The morning of Monday, January 20, began seven days of blissful (bordering on euphoric) reflection. San Francisco is a mightily powerful, athletically dynamic football team, whose collective human force came within a whisker of obliterating Seahawk dreams, at least for another season.
The morning of Monday, January 27, began seven days of maddening uncertainty. As I begin writing this on said Monday, the game is a comfortable six days away. These are nerves I can easily handle. Friday won't be good, Saturday promises to be unbearable. Sunday...oh, Sunday, you...you...oh, just you.
So immersed was I (we, my apologies) in the NFC Championship Game, that I failed to recognise all that I was actually witnessing. The very next day, I remember catching myself being surprised at reading how this was a ‘classic'. Was it? Well, of course it bloody well was. There's a lot to be said for being the neutral observer. Every day during the week after the game, I watched either the whole thing once again or small parts of it, the beauty being that, with each passing viewing, the more it became obvious just how fortunate folks were with little or no interest in the outcome.
The 42-13 shellacking dished out to San Francisco last season had become THAT game against the 49ers. Not any more it ain't.
So, how do we feel at the NFC representative being the designated road team in this, an even numbered Super Bowl? I'm made up and purely because I love, love, love (ahem, sorry) Seattle's white jersey/blue pants combination. The most aesthetically pleasing of all the Seahawks' looks has previous in this stadium to the tune of 23-0 and is something I intend to cling to. Yep, you better believe it. Look, it's a start.
Uniform stats...generally, little is known of these around the NFL, but the Pittsburgh Steelers elected to wear their white ‘road' jerseys against Seattle in Super Bowl XL, having reached Detroit not having worn their traditional black in each of their three preceding playoff encounters; they had no choice, if truth be told, as theirs was a road playoff run. If it ain't broke, don't fix it, I suppose.
Denver, just like Pittsburgh, had the choice of jersey colour for Sunday and they took the no-brainer route. Orange it is.
Those of you, who, like me, are looking for any positive portent possible, can look upon this and allow ourselves to breathe a little easier. I'll explain why, but must warn you that there's more of this shallow, unmitigated rubbish to come.
The Broncos have worn orange jerseys in three Super Bowls and not only did they lose each one, but they lost each one while scoring just ten points each time.
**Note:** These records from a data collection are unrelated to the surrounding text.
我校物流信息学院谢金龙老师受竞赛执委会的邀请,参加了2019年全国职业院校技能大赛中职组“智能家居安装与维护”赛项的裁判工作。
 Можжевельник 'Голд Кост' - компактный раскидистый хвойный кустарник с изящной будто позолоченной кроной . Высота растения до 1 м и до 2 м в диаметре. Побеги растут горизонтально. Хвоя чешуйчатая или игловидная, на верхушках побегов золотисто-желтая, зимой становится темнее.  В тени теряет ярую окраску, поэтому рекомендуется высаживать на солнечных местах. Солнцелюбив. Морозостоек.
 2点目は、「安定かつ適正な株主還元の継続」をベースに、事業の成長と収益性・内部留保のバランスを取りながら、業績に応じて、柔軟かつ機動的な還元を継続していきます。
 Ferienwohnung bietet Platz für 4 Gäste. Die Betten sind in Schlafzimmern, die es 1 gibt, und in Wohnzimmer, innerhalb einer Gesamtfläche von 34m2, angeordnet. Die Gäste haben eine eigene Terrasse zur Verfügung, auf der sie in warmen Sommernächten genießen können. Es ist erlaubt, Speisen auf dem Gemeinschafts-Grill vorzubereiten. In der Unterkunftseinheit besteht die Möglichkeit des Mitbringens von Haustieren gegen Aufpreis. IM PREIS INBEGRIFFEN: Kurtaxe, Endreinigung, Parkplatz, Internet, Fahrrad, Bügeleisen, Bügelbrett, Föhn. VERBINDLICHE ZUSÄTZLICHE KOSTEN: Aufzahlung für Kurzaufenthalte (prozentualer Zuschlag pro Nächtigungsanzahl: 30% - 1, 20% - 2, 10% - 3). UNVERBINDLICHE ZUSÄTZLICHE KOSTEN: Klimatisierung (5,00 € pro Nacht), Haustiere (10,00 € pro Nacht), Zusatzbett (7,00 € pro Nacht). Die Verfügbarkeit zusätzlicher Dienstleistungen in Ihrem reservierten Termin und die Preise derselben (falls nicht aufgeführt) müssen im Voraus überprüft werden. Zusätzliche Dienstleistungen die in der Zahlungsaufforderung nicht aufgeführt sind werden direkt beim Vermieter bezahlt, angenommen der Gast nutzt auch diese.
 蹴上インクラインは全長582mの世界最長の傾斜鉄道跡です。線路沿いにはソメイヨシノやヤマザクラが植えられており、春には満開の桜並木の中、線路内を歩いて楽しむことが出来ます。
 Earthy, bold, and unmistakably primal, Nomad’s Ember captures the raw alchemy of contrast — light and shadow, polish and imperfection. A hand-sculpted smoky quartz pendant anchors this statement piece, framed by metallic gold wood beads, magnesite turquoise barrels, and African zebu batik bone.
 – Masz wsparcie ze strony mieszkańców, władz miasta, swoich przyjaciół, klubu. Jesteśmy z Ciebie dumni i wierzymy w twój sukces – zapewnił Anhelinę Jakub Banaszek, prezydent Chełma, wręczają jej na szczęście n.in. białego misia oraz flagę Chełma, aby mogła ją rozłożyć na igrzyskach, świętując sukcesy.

The losses were 27-10 to Dallas in Super Bowl XII, 42-10 to Washington in Super Bowl XXII and 55-10 to San Francisco in Super Bowl XXIV. I can't apologise for the use of Roman numerals here. It's the way the NFL wants it to be, it's the way it is and, as unpopular as it can be, I embrace it.
That's an odd little statistic and you may already have noticed, in the build up since the NFC Championship Game, something even stranger, linked to the above. Denver wears orange as the designated home team in Super Bowl XII. If you double the Super Bowl, you're at XXIV where Denver wears orange as the designated home team. If you double that Super Bowl, you're at XLVIII...where...Denver...wears...orange...as...the...designated...home...team.
How has that ever been allowed to happen? And how can it possibly have no meaning whatsoever?
Super Bowl XXII is probably feeling a little unloved right now, but, yes, you've guessed it, even that one can't escape the clutches of numerology, or at least my perceived notion of such a thing. To best show this for what it is, I'm going to briefly dispense with the Roman numerals (tut tut).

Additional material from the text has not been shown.